RDP Cache Parser
Every pixel tells a story.
A Windows DFIR tool for parsing and reconstructing screen images from
Remote Desktop Protocol (RDP) bitmap cache files
(Cache####.bin, bcache##.bmc).
## Features
| Category | Capability |
|---|---|
| **Parsing** | `.bin` (Win 7+, 32-bit BGRA) and `.bmc` (Vista/2008, 8/16/24-bit) |
| **Reconstruction** | Manual edge-match stitch canvas (authoritative) + automatic edge-matched triage hypothesis |
| **GUI** | Dark-theme tile viewer, drag-and-drop, manual stitch canvas |
| **OCR** | Optional text extraction from tiles + forensic keyword detection |
| **Reporting** | HTML + JSON forensic report with SHA-256 chain-of-custody |
| **Export** | Individual tiles or full collage (PNG/BMP) |
| **Session** | Save / load manual stitch canvas state |
### Reconstruction — what it can and cannot do
**RDP cache files store no screen coordinates.** Each 64×64 tile is saved with
only an 8-byte content hash (for deduplication); the screen x/y positions exist
only in transient `MemBlt` drawing orders during the live session and are never
written to disk. Fully-automatic, accurate screen reconstruction is therefore
**not achievable** — it is, by consensus in the DFIR community, an
analyst-assisted task.
This tool reflects that reality:
- The **manual stitch canvas** is the authoritative reconstruction path. It
uses pixel edge-matching to rank candidate tiles for each cell, and every
placement is the analyst's documented choice.

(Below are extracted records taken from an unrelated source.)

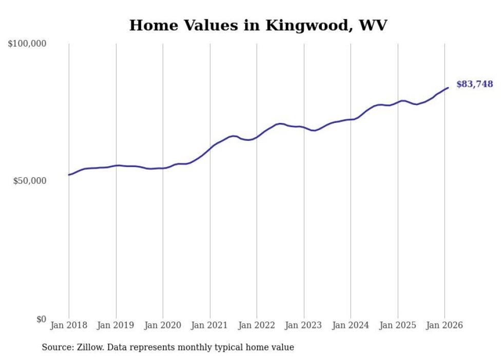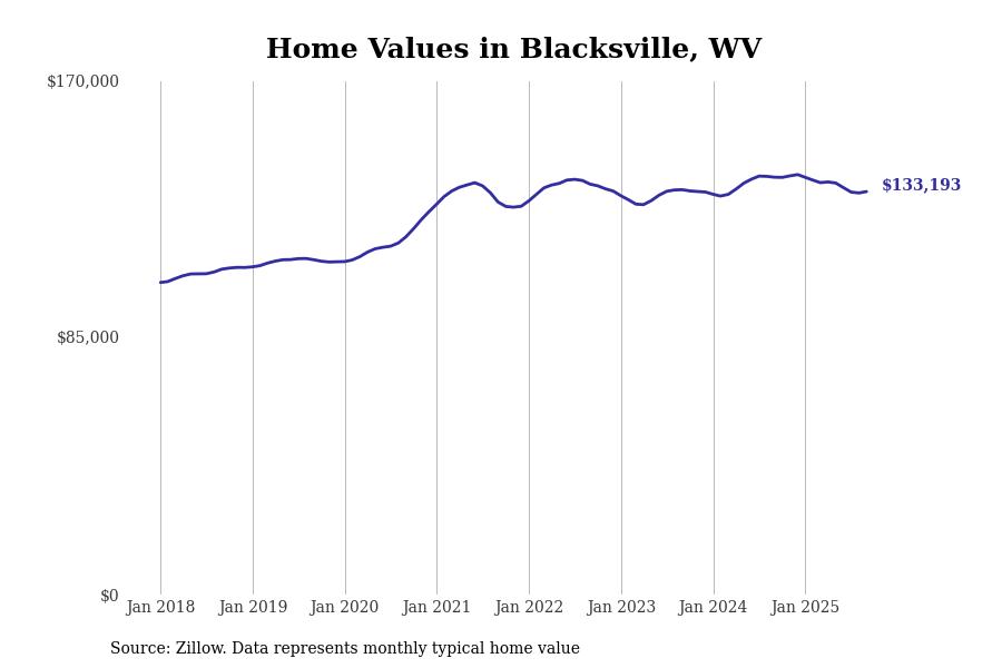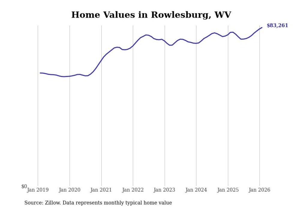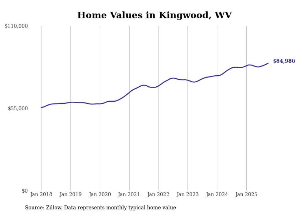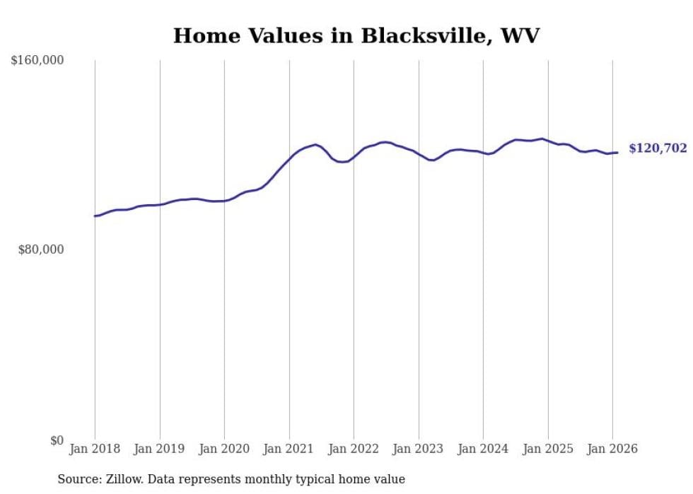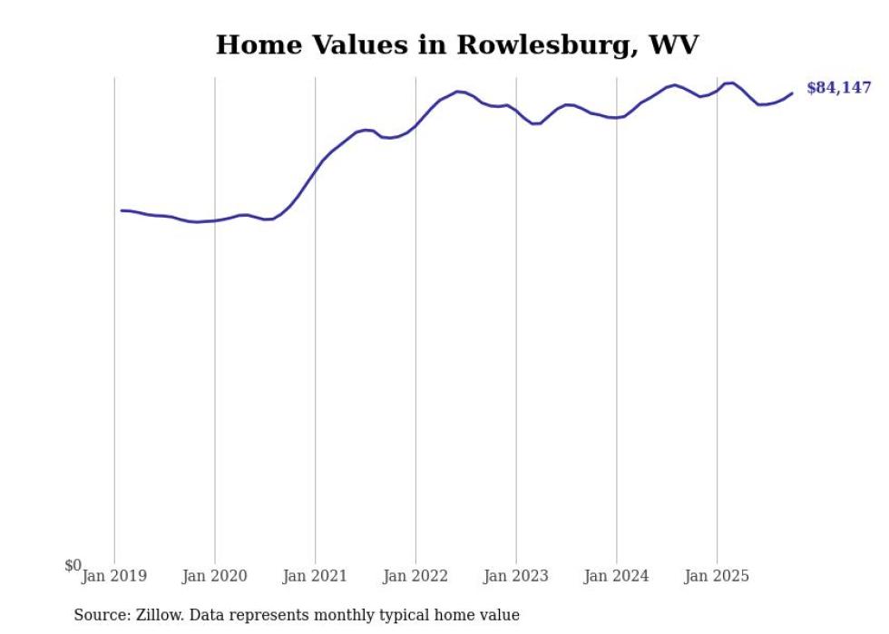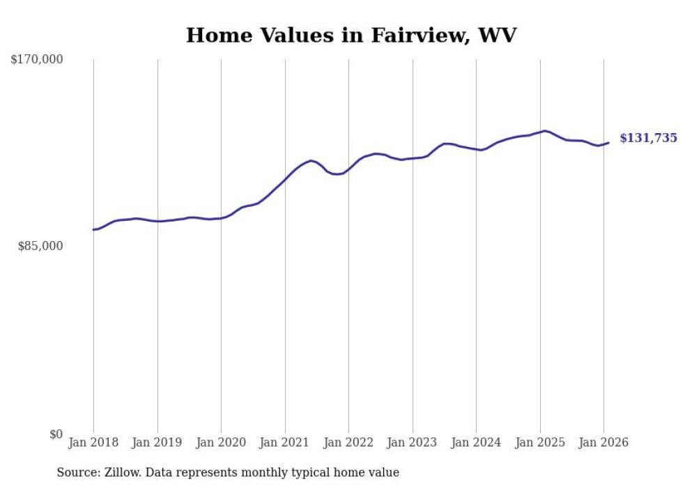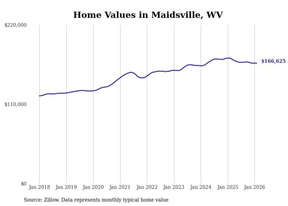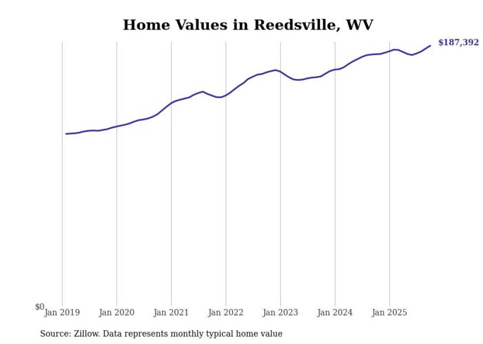 Stacker compiled a list of cities with the most expensive homes in the Morgantown metro area using data from Zillow. Charts show the monthly typical home value since January 2018. All 20 cities and towns with data available were included in the list.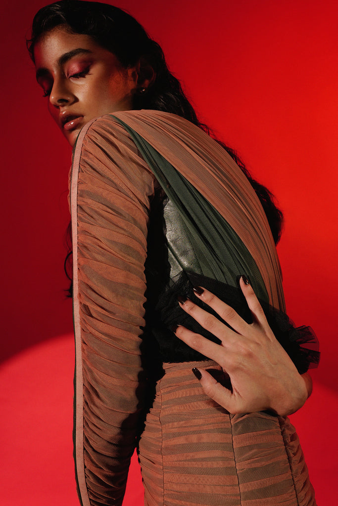 Featuring a fully net ruched bodycon with net peplum detail on the waistband and faux leather detail on the sleeves.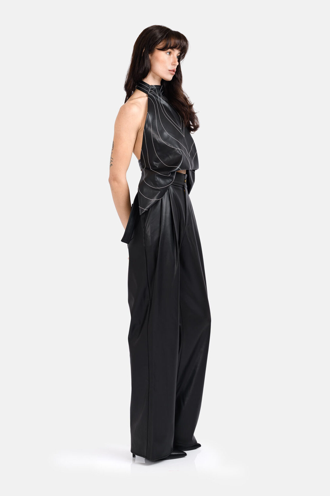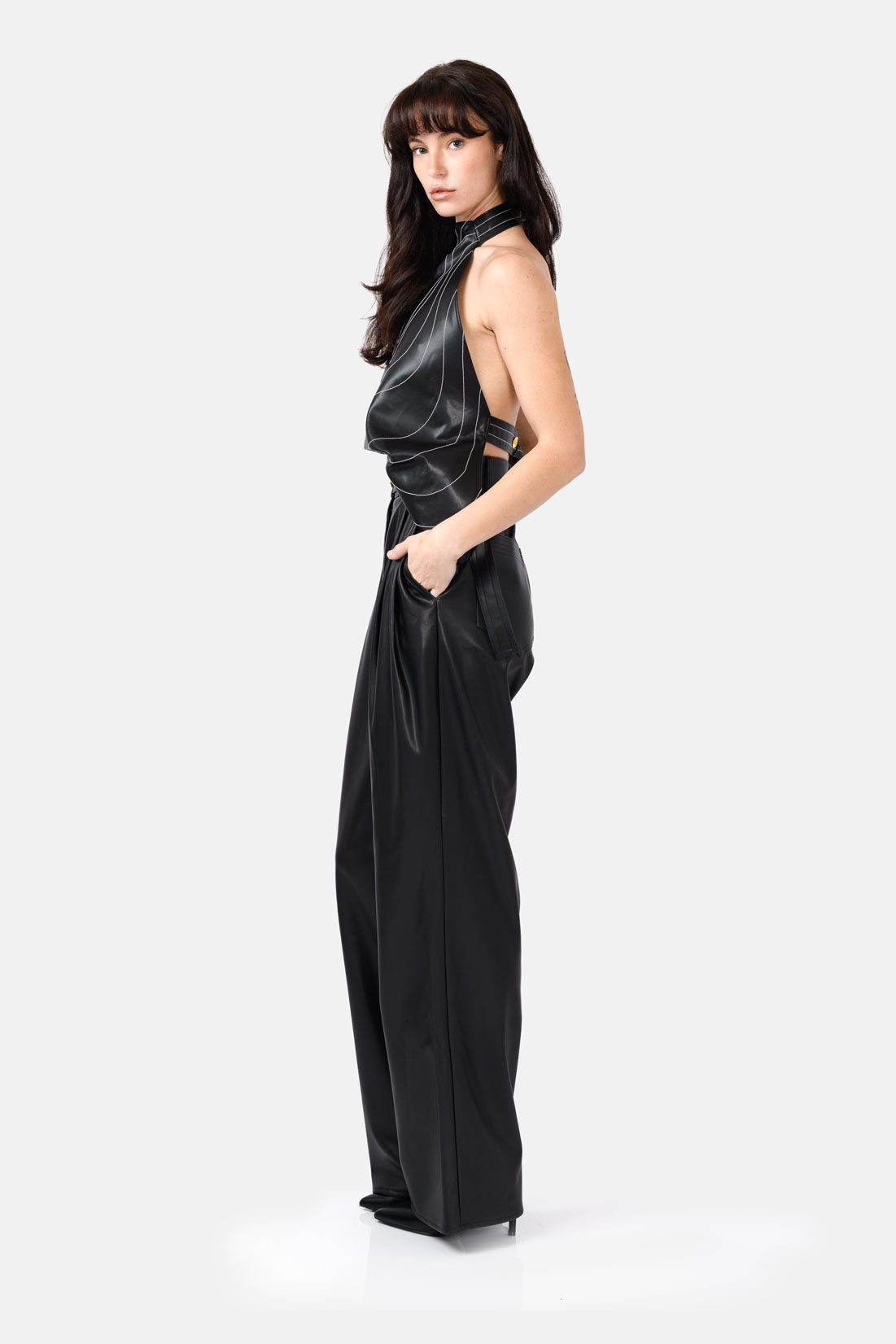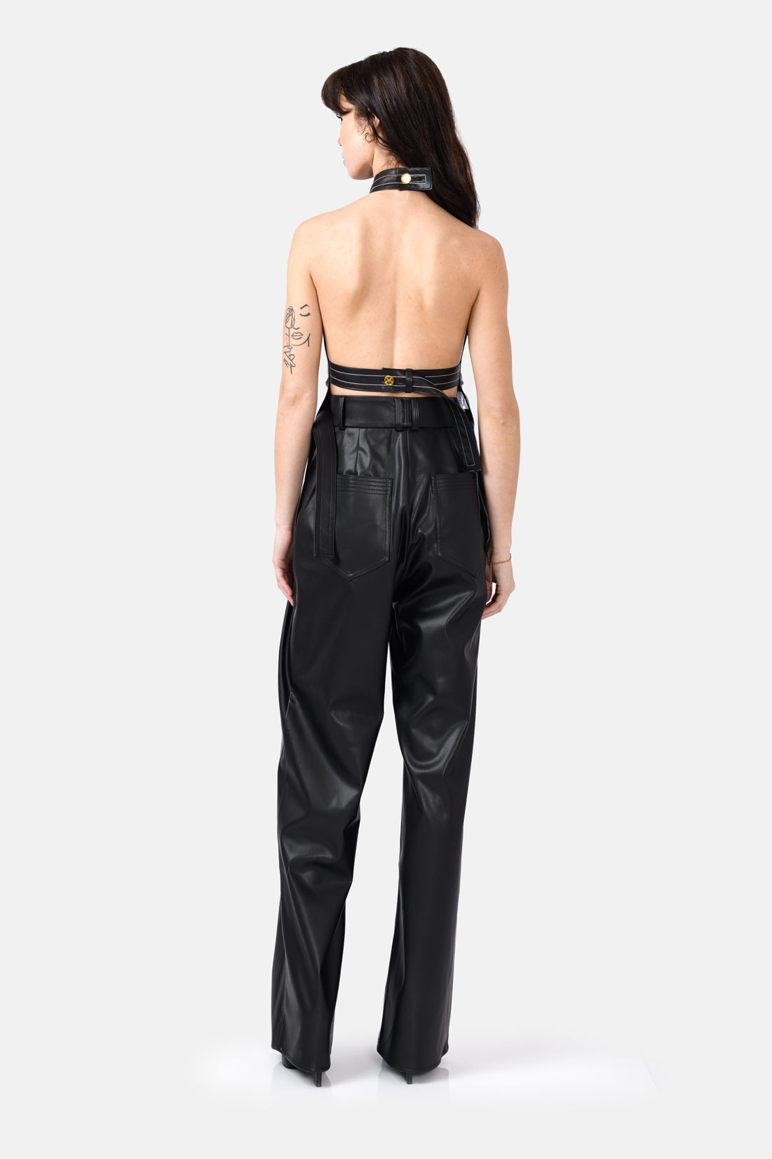 Black leather pants with a straight leg cut and tailored silhouette, designed for a polished yet comfortable fit. Featuring subtle front pleating, gold button details, and a loose belt tie, these designer pants elevate any look with ease. Crafted from mid-weight vegan leather, they offer breathable structure for interseason wear across warm and cool climates. Durable and refined, these faux leather trousers are ethically made in Australia, blending designer-level finish with sustainable craftsmanship.

- **Automatic reconstruction** is provided for *triage only*. It is a best-
effort hypothesis — every output image carries an "INFERRED — NOT
TIMESTAMPED" caveat banner and a confidence grade, and must never be
presented as a literal screenshot.
The automatic path works as follows:
- **Strip detection** — consecutive tiles in `.bin` files often correspond to
adjacent screen positions; tile order within a strip is verified by
edge-matching
- **Temporal grouping** — separates tiles from different screen states using
file-index proximity (gap > 150 → new snapshot)
- **Edge-matched block placement** — blocks are positioned by matching their
border pixels to one another (A's bottom edge ↔ B's top edge); blocks with no
confident edge match fall back to file-order estimation
- **Auto-resolution** — detects actual screen width (1280 / 1366 / 1440 / 1920 /
2560 / 3840 px) from block widths; no manual configuration needed
- **OCR-driven slides** — when OCR text is available, screen states are ordered
into a numbered slide sequence with a `slides_manifest.json` index
### OCR Scanning (optional)
Runs optical character recognition on every non-blank tile and reports:
- All detected text with source file, tile index, and byte offset
- IOC hits — tiles matching a built-in forensic keyword list
(mimikatz, certutil, psexec, powershell, password, ntds.dit, and 40+ more)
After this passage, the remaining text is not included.